Hundreds of armed police have sealed off the busy Martin Place in the city's central business district.
Australian Prime Minister Tony Abbott said it was unclear if the siege at a Sydney café, where hostages are being held, was politically motivated.
"We don't yet know if this is politically motivated, although there are some indications that it might be," Abbott told reporters in Canberra.
"This is a very disturbing incident. I can understand the concerns and anxieties of the Australia people," Abbott said, without providing any information on the unfolding siege.
Australian police said they had not had direct contact with an armed offender holding an undisclosed number of people hostage at a cafe in central Sydney.
"We have moved to a footing that would be consistent with aterrorist event," New South Wales Police Commissioner Andrew Scipione told reporters in Sydney.
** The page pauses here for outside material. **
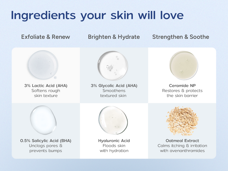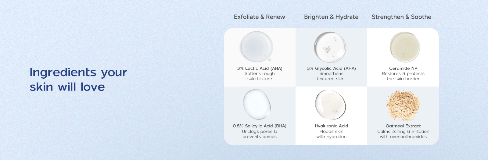 Purified Water, Glycolic Acid, Lactic Acid, Cetyl Alcohol, Cyclopentasiloxane, Glyceryl Monostearate, Propanediol, Stearic Acid, Ethyl Olivate, Sodium Hydroxide, Cetostearyl Alcohol, Emulsifying Wax, Glycerine, Niacinamide, Fragrance, Salicylic Acid, Phenoxyethanol, Olive Oil Methyl Ester, Sodium Benzoate, Potassium Sorbate, Sodium Acrylate/Sodium Acryloyldimethyl Taurate Copolymer, Polyacrylate-13, Isohexadecane, Oat (Avena sativa) Meal Extract, Citrus Grandis Fruit Extract, Sodium Gluconate, Vaccinium Angustifolium (Blueberry) Fruit Extract, Polyisobutene, Ethylhexylglycerin, Polysorbate 80, PEG-7 Glyceryl Cocoate, Polysorbate 20, Sorbitan Oleate, Sorbitan Isostearate, Sodium Hyaluronate, Ceramide NP

Australia, which is backing the United States and its escalating action against Islamic State in Syria and Iraq, is on high alert for attacks by radicalised Muslims or by home-grown fighters returning from fighting in the Middle East.
Part of Martin Place, home to the Reserve Bank of Australia, commercial banks and close to the New South Wales state parliament, has been closed off by armed police.
Live television footage showed patrons inside a cafe standing with their hands pressed against the windows. A black flag similar with Arabic writing on it was also visible.
Dozens of police including a SWAT team were setting up and a couple of hundred people were being held back by cordons.
Trains and buses were stopped and roads were blocked in the area, with train operators saying there had been a bomb threat at Martin Place.
NSW Police tweeted: "A police operation is underway in Martin Place, Sydney's CBD. People are advised to avoid the area."